Yes, this is all truth. But have you ever noticed that it never seems to be the big, all-consuming, larger-than-life adversities that unravel us to our core? No? Me either. It seems to be the little, annoyingly meddlesome, under-the-radar hiccups that unravel my commonsense gauge causing an overwhelmed spirit and emotional overload.
Common life occurrences like the car breaking down or a flat tire on my way to an appointment. My daughter losing her glasses when we are already running late. Spilling coffee on my freshly ironed dress. The dog getting into a mud puddle in the backyard and dragging it into the house. The leaky faucet, the raccoon who destroyed last night’s garbage, or the eleventy things I forgot to write down on the family calendar.
So why is it that the little things of our cultural daily life seem to uproot us the most?
Perhaps because those are the very things most shallowly planted.
They are the things that require us to pay attention and keep moving at a pace set by the world that spins around us.

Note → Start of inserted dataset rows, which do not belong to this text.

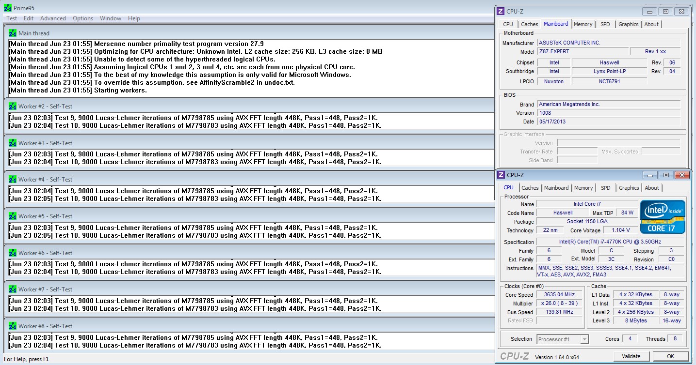 Разгон процессоров Intel Haswell целиком и полностью ограничивается температурным режимом, ибо между крышкой и ядром используется термопаста вместо припоя. Стендовый экземпляр процессора позволил пройти тест стабильности без троттлинга лишь при напряжении питания 1.185 В (установленное в UEFI значение).
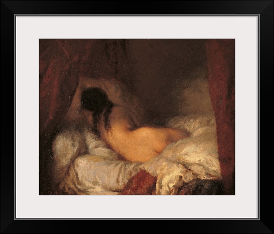 <p>Reclining Female Nude, by Jean-Franois Millet, 1844 - 1845, 19th Century, oil on canvas, cm 33 x 41 - France, Ile de France, Paris, Muse dOrsay, RF2049. All. Young woman room bed blanket pillow sheet curtain red white back. (273051) Everett Collection\Mon</p>
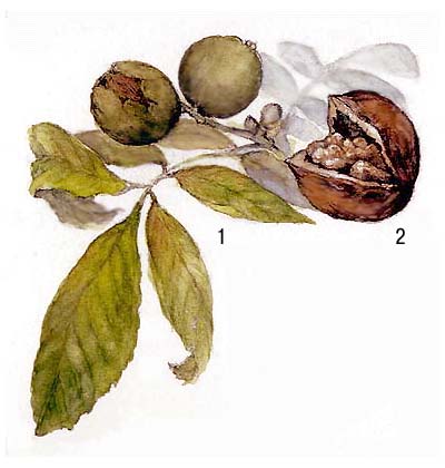 Грецкий орех: 1 — ветвь с плодами; 2 — вскрытый плод.
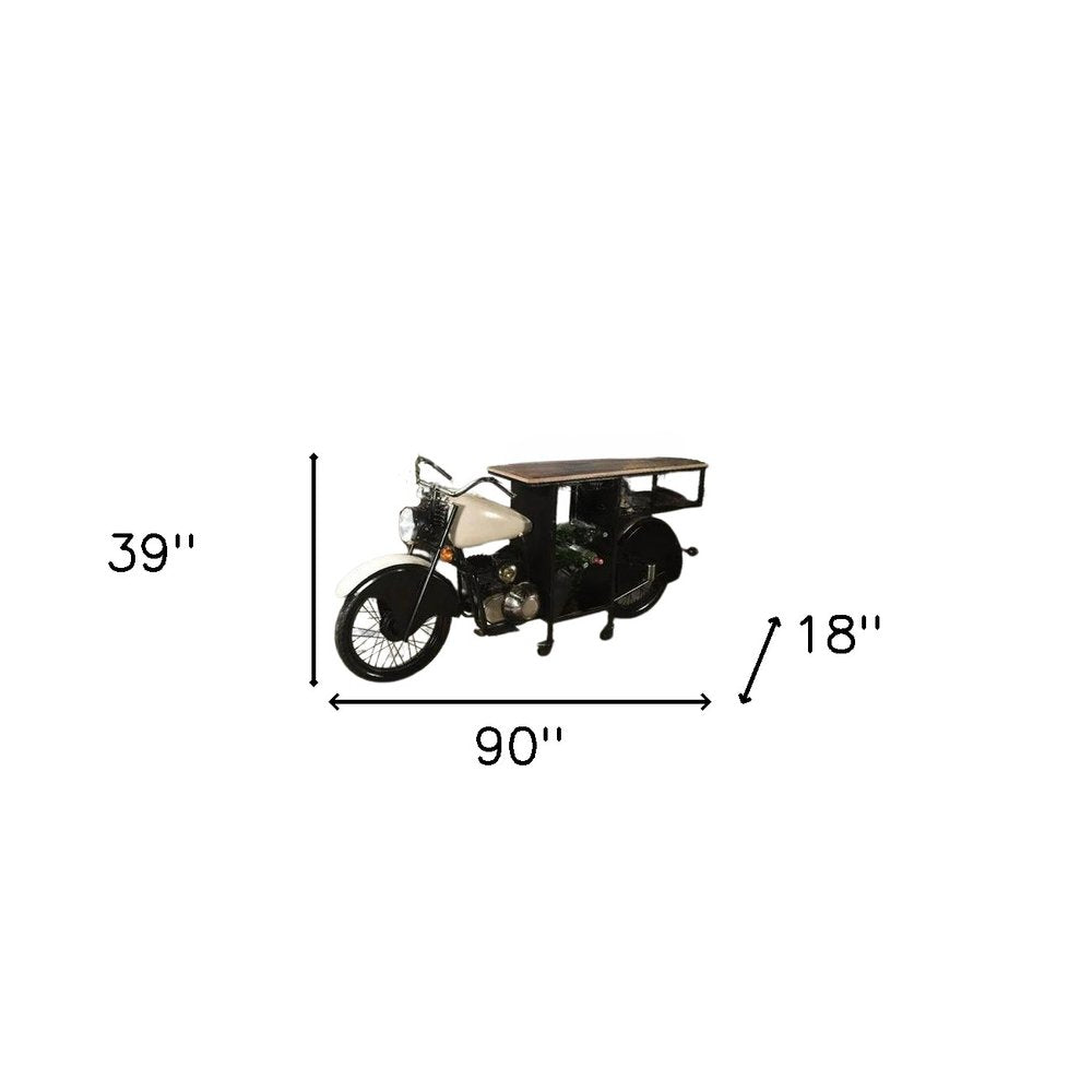 Add a touch of industrial style to your space with this rolling bar cart. Crafted with a metal frame in black and white finish, it features a sleek solid wood top in brown. The rectangular shape and included wheels make it easy to move around. Ideal for entertaining, this bar cart also offers convenient wine storage. 39-inch H x 90-inch W x 18-inch D
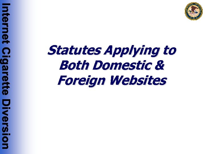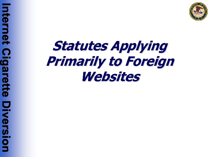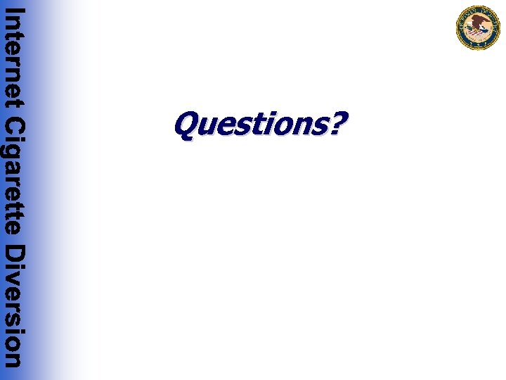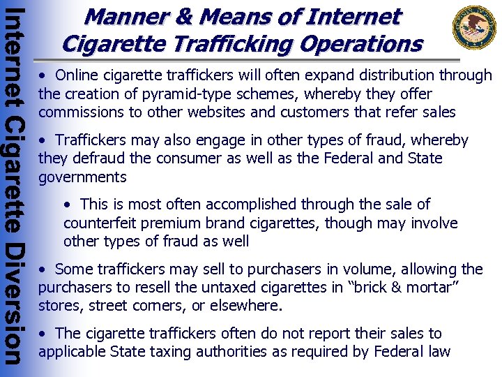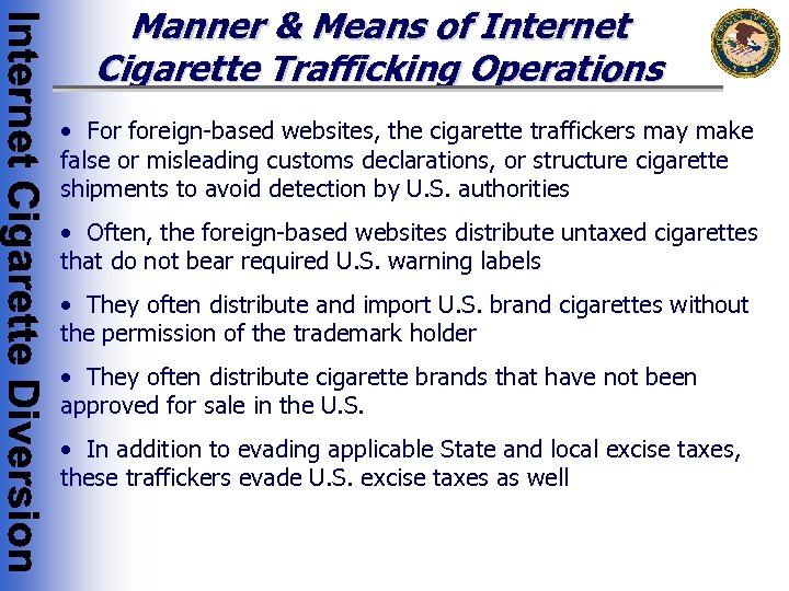 Manner & Means of Internet Cigarette Trafficking Operations • For foreign-based websites, the cigarette traffickers may make false or misleading customs declarations, or structure cigarette shipments to avoid detection by U. S. authorities • Often, the foreign-based websites distribute untaxed cigarettes that do not bear required U. S. warning labels • They often distribute and import U. S. brand cigarettes without the permission of the trademark holder • They often distribute cigarette brands that have not been approved for sale in the U. S. • In addition to evading applicable State and local excise taxes, these traffickers evade U. S. excise taxes as well
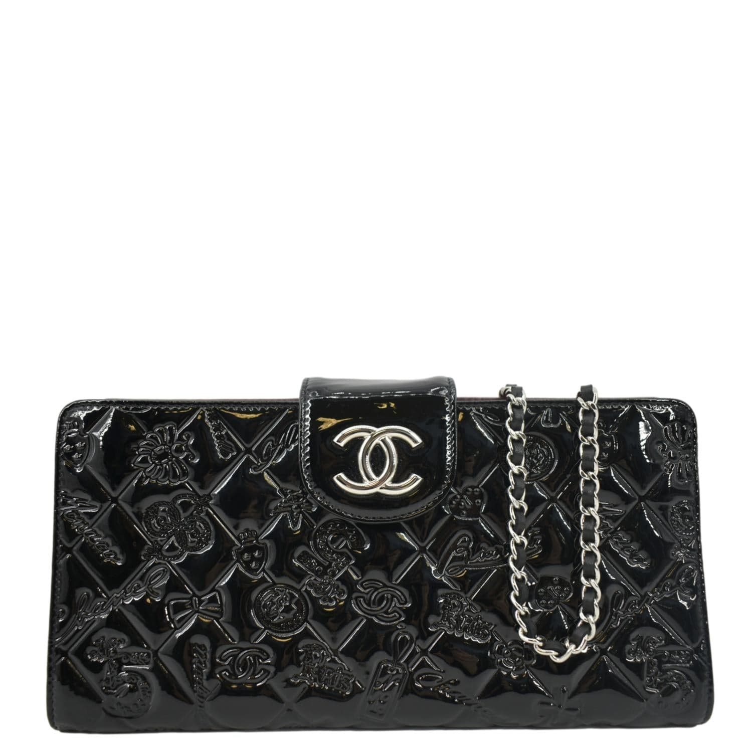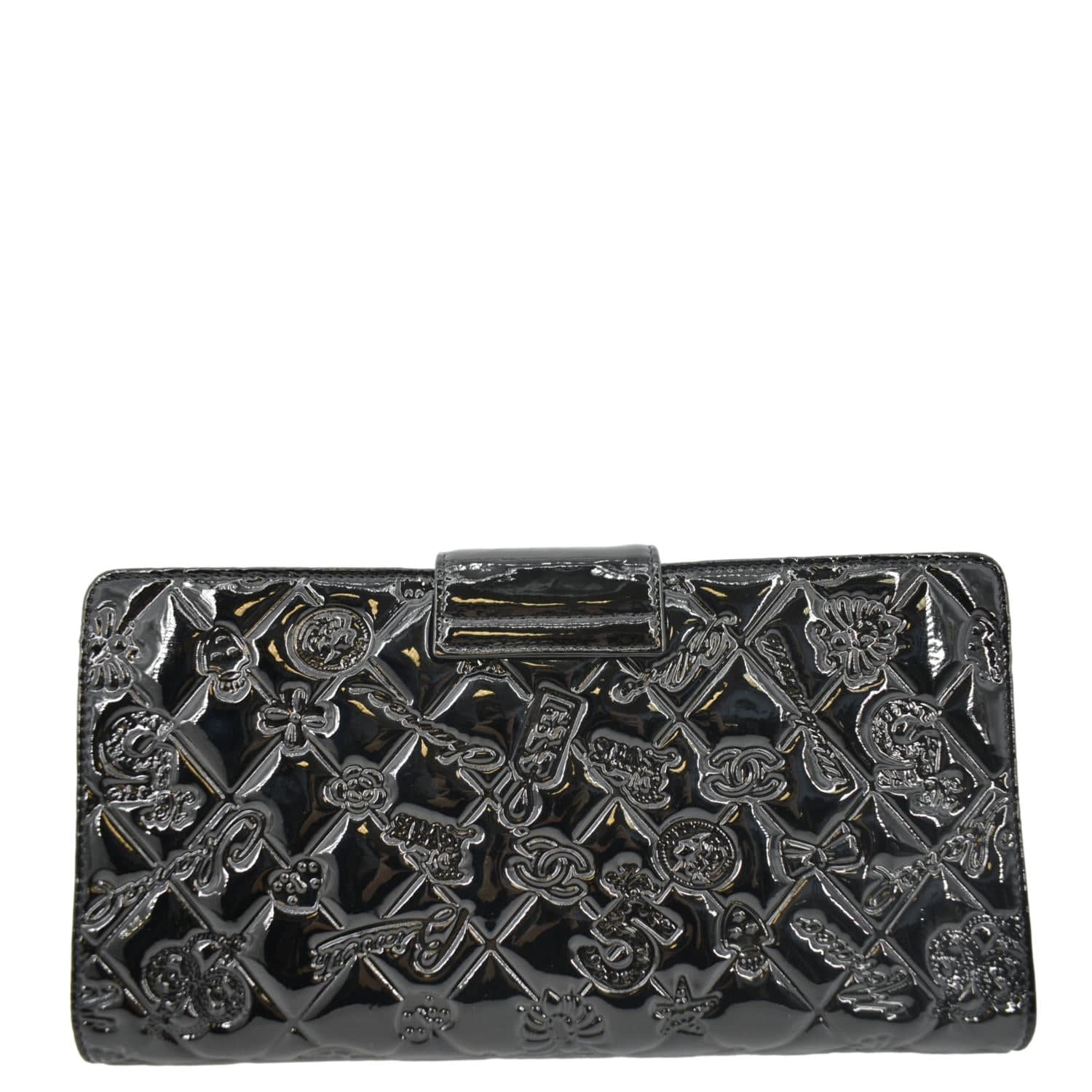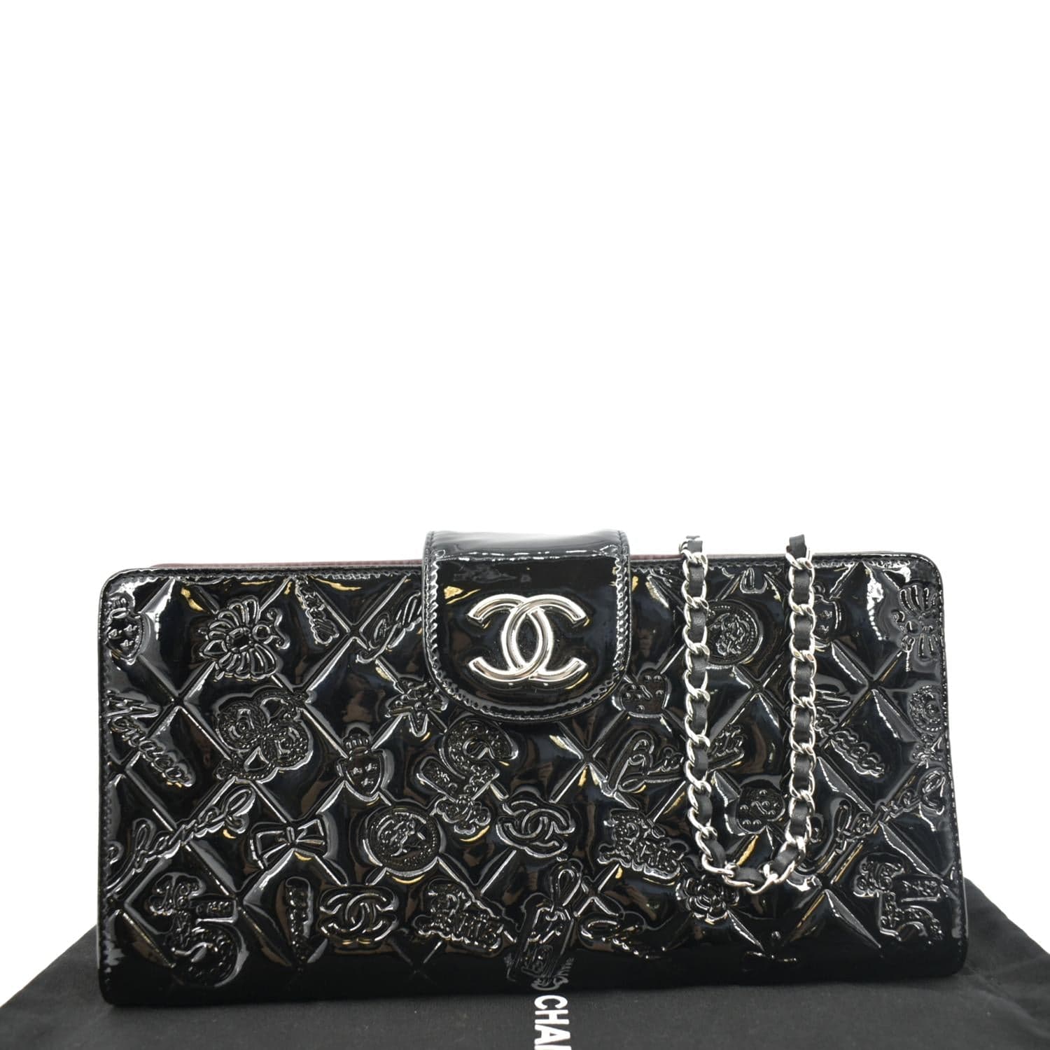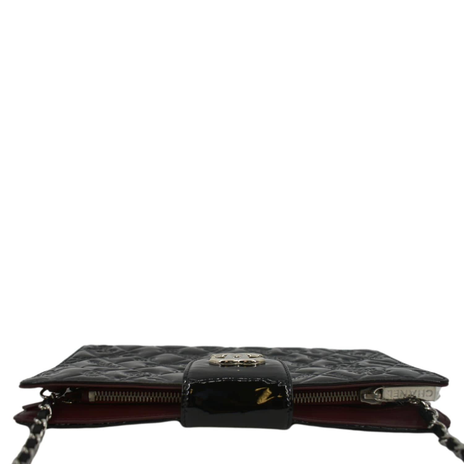 CHANEL Lucky Symbols Pochette Patent Leather Wallet on a Chain Black
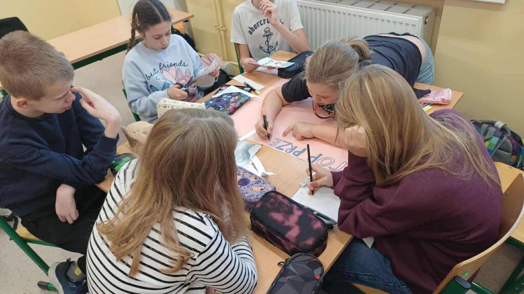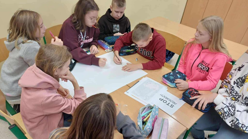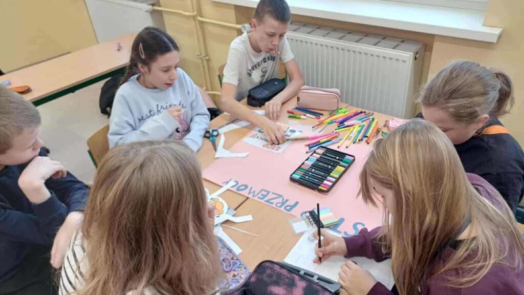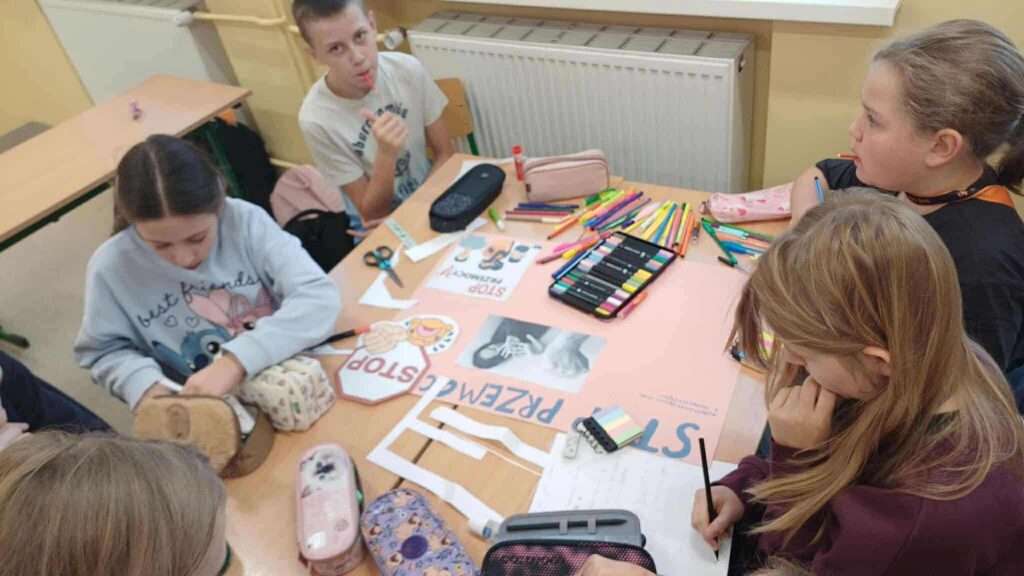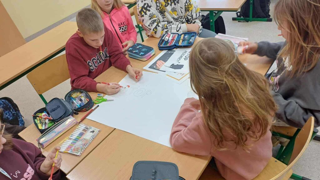 🏫 W szkole uczniowie podczas godzin wychowawczych przygotowywali plakaty na wewnątrzszkolny konkurs przeciwko hejtowi – efekty ich pracy na pewno będą inspirujące i pełne ważnych przesłań.

They are the things that we believe we have some sense to control. And they are the very things that teach us the vital life lesson of learning to respond instead of reacting to a situation or circumstance.
As the age-old saying goes, “When it rains, it pours.” It simply means that when something challenging happens, other challenges appear to follow. And yes, they do, for life is riddled with challenge. But when the larger-than-life adversities hit home, there is a peace which surpasses all human understanding that shifts the atmosphere to one of heavenly control.
Let us remember the wisdom of the Word of God which we are called to hide within our hearts for times such as these:
Therefore, do not worry about tomorrow, for tomorrow will worry about itself. Each day has enough trouble of its own. Matthew 6:34
The car can be fixed, the tire repaired. The glasses found, the floors washed clean of mud and mess. And the eleventy things will pass and there will be eleventy more. The worries of the day will always make their appearance at the most inconvenient of moments, and strife a constant companion. But all we have to do is focus on THIS day. Just this random day of all the days. Because there is always blessing to be found within it.